IL MANICOMIO DEL GROTTESCO – YVONNE

Yvonne era una mia Fonte Primaria Intima e una specie di animale politico, dato che aveva un interesse accademico per l’argomento ed era un membro titolare di una tessera di un particolare partito politico che mi ha fornito ampie opportunità di triangolarla con i suoi interessi. Adottavo ripetutamente posizioni diametralmente opposte per provocarla e ha sempre funzionato. Saltava sempre su, pronta a sostenere la sua posizione, cosa che naturalmente mi forniva carburante. In un’occasione particolare decisi che era tempo di introdurre la sua servile devozione al voto e alla democrazia nel tallone dell’oppressione.

Eravamo a casa sua e io mi avvicinavo alla finestra e, come fa così bene Anthony Hopkins, la scrutai a media distanza prima di illuminarla in proposito.

“Il potere assoluto è un concetto che è stato esplorato nel corso della storia, dalle antiche civiltà ai moderni sistemi politici. Come sicuramente saprai, si riferisce a una forma di governo in cui un singolo individuo o entità detiene un’autorità completa e illimitata su una società.

Il potere assoluto è una forma di governo caratterizzata dalla concentrazione dell’autorità nelle mani di un’unica entità. Garantisce controllo illimitato e potere decisionale a questa entità, spesso con conseguente soppressione delle libertà individuali e la tollerabile erosione di controlli ed equilibri.

Nel corso della storia, ci sono stati numerosi esempi di potere assoluto. Antiche civiltà come l’Egitto, Roma e la Cina avevano governanti che detenevano un’autorità assoluta sui loro sudditi. I faraoni d’Egitto, ad esempio, erano considerati divini e avevano il controllo completo su tutti gli aspetti della società. Allo stesso modo, gli imperatori a Roma e in Cina esercitavano un potere assoluto, prendendo decisioni senza alcuna forma di responsabilità.

Uno dei vantaggi intrinseci del potere assoluto è la soppressione delle libertà individuali. Quando il potere è concentrato nelle mani di un’unica entità, c’è la tendenza a limitare il dissenso e soffocare l’opposizione. Ai cittadini viene spesso negata la libertà di parola, riunione ed espressione.

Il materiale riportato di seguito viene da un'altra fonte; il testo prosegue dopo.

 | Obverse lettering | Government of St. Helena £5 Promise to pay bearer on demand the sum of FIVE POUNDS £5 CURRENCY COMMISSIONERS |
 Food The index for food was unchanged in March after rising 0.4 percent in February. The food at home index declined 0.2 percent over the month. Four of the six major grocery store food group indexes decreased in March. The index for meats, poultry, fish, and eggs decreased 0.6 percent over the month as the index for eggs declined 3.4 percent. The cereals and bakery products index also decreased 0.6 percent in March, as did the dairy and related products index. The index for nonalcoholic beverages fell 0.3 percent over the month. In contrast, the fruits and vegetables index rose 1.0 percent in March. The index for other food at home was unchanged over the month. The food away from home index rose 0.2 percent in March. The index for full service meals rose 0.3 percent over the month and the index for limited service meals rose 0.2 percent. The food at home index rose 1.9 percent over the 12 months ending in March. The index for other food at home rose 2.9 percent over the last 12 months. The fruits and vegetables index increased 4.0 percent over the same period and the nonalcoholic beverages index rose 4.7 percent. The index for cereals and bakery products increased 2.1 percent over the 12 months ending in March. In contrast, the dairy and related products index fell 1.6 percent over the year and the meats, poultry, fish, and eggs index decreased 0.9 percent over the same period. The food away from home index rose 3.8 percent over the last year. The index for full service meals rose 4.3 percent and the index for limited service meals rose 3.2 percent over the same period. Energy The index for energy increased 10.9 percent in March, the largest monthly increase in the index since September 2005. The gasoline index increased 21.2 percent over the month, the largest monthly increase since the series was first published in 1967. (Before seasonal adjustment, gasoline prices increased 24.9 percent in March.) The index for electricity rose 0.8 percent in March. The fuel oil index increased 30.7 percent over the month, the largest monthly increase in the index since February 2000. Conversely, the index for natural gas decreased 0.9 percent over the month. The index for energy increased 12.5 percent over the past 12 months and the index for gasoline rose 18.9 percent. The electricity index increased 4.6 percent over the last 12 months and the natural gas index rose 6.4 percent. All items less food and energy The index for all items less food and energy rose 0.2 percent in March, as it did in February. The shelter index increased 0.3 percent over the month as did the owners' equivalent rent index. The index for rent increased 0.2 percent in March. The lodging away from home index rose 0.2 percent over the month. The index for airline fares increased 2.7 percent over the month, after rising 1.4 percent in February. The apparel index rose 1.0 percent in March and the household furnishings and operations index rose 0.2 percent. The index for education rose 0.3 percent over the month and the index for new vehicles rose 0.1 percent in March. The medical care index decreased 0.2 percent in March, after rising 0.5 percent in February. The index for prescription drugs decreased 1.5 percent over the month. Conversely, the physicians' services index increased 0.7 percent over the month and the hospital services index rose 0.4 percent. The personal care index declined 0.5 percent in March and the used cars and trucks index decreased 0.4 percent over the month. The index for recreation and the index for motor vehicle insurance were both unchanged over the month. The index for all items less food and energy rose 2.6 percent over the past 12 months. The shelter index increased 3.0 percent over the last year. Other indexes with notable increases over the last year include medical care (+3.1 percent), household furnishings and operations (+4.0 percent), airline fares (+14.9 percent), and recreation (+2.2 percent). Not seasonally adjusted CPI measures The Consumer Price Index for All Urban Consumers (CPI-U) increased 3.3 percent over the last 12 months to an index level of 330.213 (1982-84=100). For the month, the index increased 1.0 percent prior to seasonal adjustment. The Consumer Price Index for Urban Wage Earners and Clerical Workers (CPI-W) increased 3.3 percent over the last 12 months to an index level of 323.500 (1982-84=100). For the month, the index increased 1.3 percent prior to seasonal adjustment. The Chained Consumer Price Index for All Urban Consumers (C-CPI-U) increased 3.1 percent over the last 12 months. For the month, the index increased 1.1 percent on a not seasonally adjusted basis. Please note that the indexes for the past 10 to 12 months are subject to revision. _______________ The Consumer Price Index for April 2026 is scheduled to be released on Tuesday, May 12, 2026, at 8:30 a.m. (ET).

Il potere assoluto si traduce spesso nell’assenza di controlli ed equilibri, purtroppo essenziali per il corretto funzionamento di una società democratica, ma che ostacolano l’esercizio del potere grezzo. In un sistema in cui il potere è concentrato nelle mani di una singola entità non esiste alcun meccanismo per ritenere quell’entità responsabile delle sue azioni. Questa mancanza di controllo può portare alla corruzione, al nepotismo e all’abuso di potere, ma consente una maggiore flessibilità nell’esercizio di tale potere. Consente un rapido processo decisionale, risposte libere e prendere la decisione corretta in modo tempestivo ed efficace. Il regno del re Luigi XIV di Francia, noto come il Re Sole, esemplifica l’autorità incontrollata, poiché governava con potere assoluto senza tener conto dei bisogni e dei diritti dei suoi sudditi.

Il diritto di voto è spesso considerato come una pietra angolare della democrazia, perché consente ai cittadini di avere voce in capitolo nel governo della loro nazione. Tuttavia, è essenziale rendersi conto che non tutti possiedono la conoscenza, la comprensione o la responsabilità necessarie per prendere decisioni informate alle urne.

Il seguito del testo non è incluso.